> _EXERCISE_
Print only the lines below from the one with "在校期间荣获国家奖学金、国家" to the one with "骑车男不知马路危险,戴着耳机", both included, exactly as they stand. Leave pictures out.

[[ PROVIDED INFORMATION open ]]

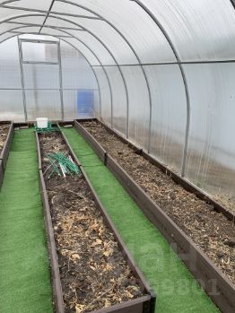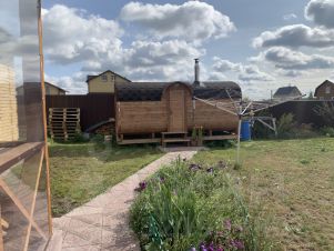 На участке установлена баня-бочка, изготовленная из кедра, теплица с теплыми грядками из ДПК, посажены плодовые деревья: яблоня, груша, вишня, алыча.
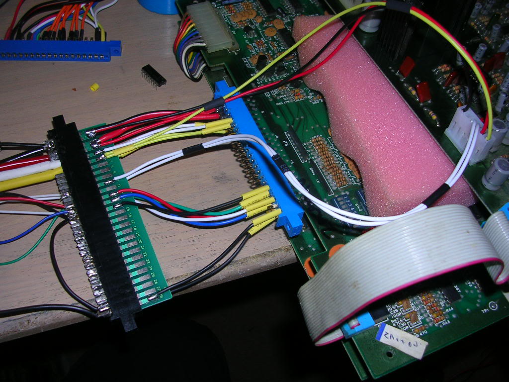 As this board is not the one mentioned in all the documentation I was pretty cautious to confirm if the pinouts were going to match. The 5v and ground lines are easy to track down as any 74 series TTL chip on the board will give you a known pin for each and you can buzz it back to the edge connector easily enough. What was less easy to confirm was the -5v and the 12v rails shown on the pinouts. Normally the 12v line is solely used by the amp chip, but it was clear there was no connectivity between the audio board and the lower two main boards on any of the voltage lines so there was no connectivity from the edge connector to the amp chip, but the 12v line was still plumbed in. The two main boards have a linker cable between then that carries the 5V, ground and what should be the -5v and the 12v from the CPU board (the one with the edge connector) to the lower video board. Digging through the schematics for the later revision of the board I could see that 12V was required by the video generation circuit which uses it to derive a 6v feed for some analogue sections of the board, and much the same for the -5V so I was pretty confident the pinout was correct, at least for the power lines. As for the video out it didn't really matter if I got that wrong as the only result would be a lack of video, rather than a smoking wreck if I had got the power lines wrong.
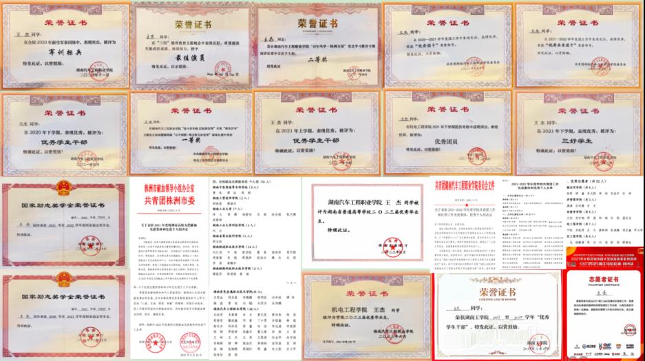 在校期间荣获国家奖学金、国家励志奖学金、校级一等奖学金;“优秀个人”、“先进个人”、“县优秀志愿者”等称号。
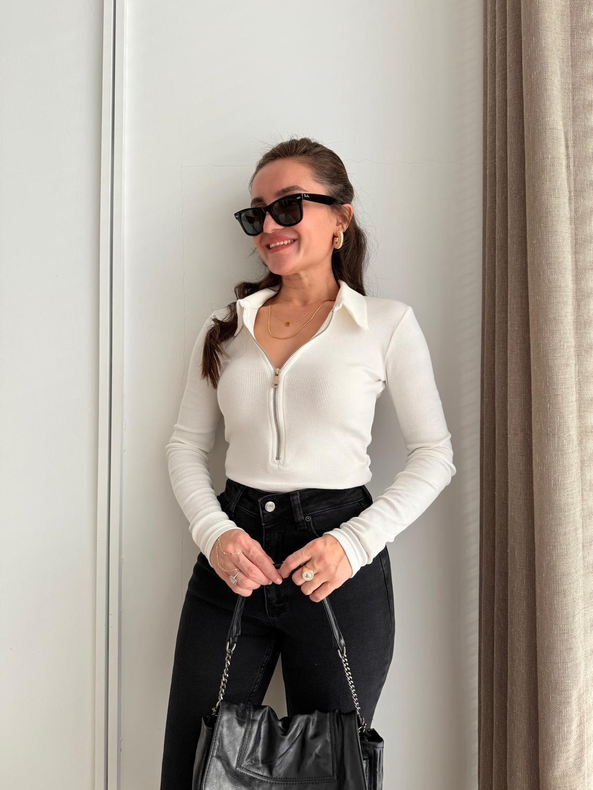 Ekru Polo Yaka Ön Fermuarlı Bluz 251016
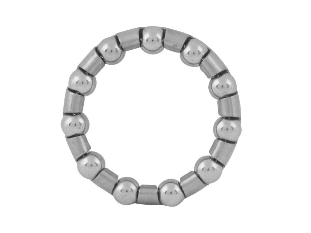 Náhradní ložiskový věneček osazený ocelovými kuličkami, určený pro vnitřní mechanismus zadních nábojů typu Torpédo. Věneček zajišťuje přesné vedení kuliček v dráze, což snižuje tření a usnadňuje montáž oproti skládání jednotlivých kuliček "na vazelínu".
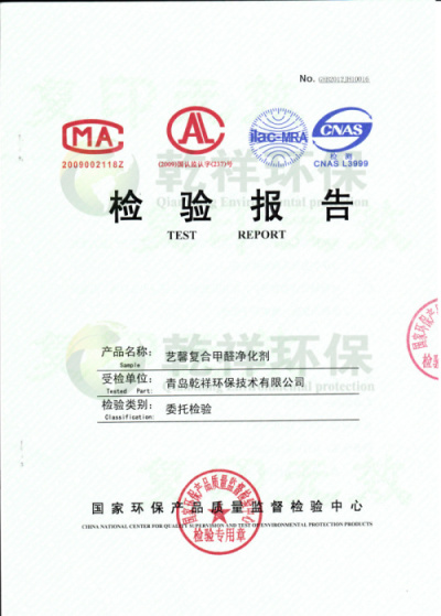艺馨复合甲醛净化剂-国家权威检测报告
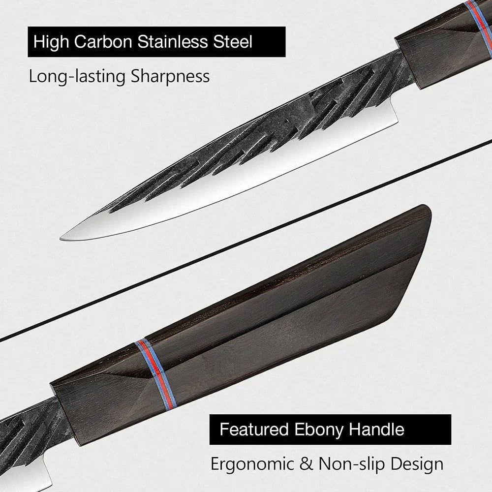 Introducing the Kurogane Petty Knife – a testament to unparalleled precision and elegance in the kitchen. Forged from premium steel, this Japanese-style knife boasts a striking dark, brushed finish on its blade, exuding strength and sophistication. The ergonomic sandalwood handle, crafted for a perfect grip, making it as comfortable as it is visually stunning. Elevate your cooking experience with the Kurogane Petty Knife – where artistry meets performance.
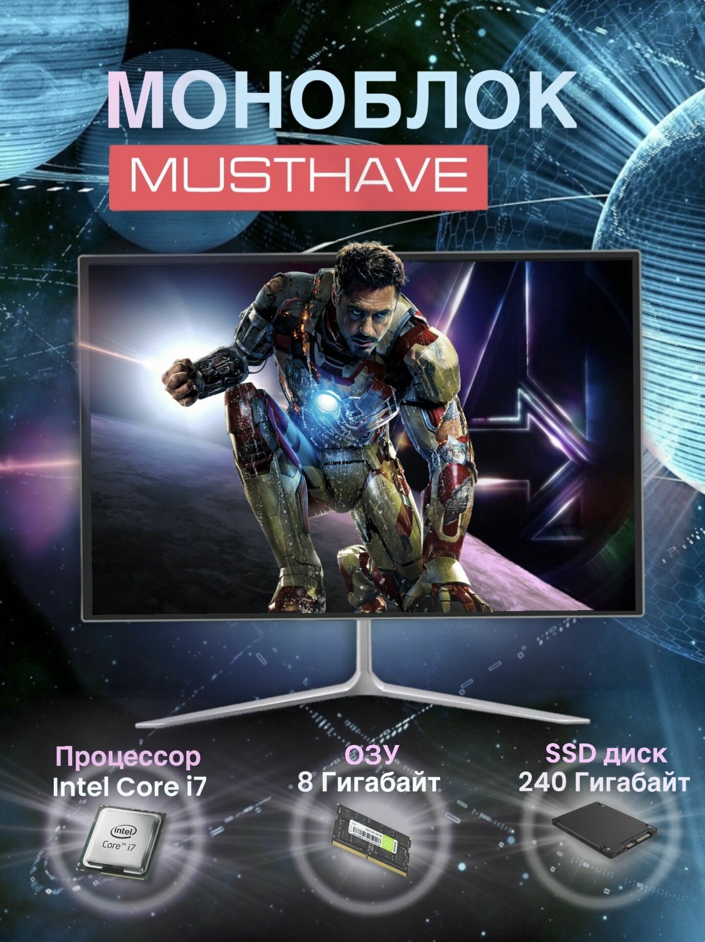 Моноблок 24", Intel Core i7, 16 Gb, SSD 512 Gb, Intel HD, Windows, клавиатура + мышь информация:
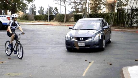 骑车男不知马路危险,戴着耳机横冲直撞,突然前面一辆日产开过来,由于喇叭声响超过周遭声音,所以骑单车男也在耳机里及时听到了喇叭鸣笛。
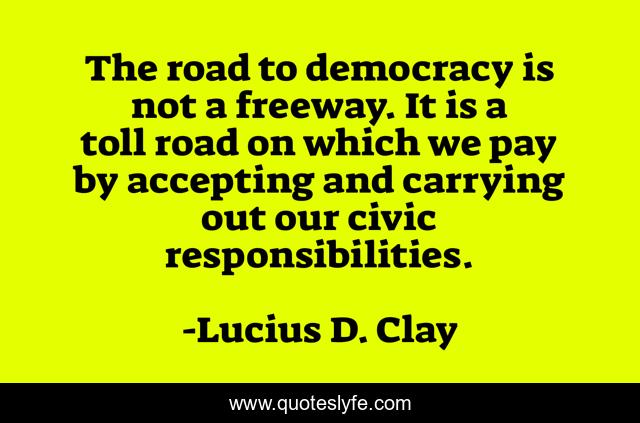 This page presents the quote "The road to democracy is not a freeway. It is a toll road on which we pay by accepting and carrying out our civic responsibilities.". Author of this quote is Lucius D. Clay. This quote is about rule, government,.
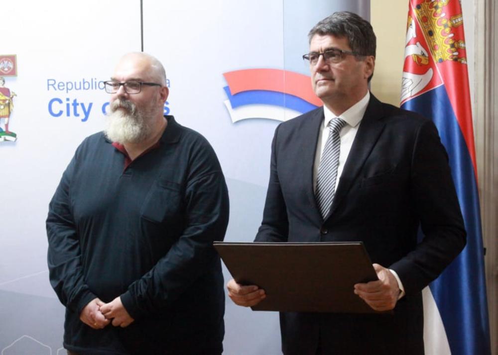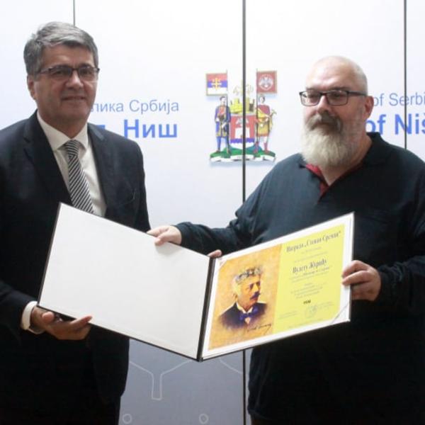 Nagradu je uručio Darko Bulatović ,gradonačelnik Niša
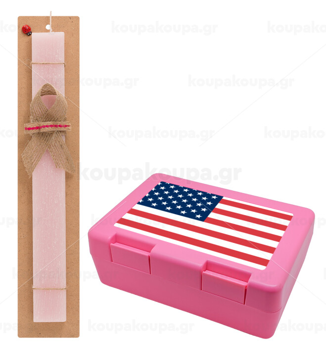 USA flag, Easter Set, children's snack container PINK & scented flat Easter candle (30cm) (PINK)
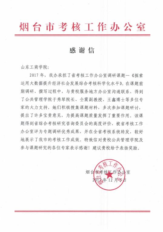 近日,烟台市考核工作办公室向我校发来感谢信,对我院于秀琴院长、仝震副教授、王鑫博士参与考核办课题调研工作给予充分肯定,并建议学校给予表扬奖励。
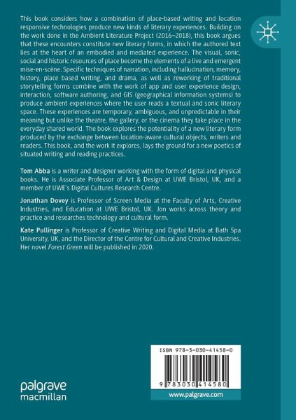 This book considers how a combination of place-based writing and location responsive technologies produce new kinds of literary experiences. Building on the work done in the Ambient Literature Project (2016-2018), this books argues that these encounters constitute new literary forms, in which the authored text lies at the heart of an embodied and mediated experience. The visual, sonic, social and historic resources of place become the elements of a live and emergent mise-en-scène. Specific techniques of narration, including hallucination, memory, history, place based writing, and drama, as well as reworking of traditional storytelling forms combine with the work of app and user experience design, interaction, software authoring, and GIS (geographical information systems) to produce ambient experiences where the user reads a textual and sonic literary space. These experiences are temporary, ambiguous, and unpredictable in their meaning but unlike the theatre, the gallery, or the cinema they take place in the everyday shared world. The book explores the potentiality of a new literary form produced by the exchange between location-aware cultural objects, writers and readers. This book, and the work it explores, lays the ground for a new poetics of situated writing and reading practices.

[[ PROVIDED INFORMATION closed ]]

> _RESULT FOR THIS TASK_
 在校期间荣获国家奖学金、国家励志奖学金、校级一等奖学金;“优秀个人”、“先进个人”、“县优秀志愿者”等称号。
 Ekru Polo Yaka Ön Fermuarlı Bluz 251016
 Náhradní ložiskový věneček osazený ocelovými kuličkami, určený pro vnitřní mechanismus zadních nábojů typu Torpédo. Věneček zajišťuje přesné vedení kuliček v dráze, což snižuje tření a usnadňuje montáž oproti skládání jednotlivých kuliček "na vazelínu".
艺馨复合甲醛净化剂-国家权威检测报告
 Introducing the Kurogane Petty Knife – a testament to unparalleled precision and elegance in the kitchen. Forged from premium steel, this Japanese-style knife boasts a striking dark, brushed finish on its blade, exuding strength and sophistication. The ergonomic sandalwood handle, crafted for a perfect grip, making it as comfortable as it is visually stunning. Elevate your cooking experience with the Kurogane Petty Knife – where artistry meets performance.
 Моноблок 24", Intel Core i7, 16 Gb, SSD 512 Gb, Intel HD, Windows, клавиатура + мышь информация:
 骑车男不知马路危险,戴着耳机横冲直撞,突然前面一辆日产开过来,由于喇叭声响超过周遭声音,所以骑单车男也在耳机里及时听到了喇叭鸣笛。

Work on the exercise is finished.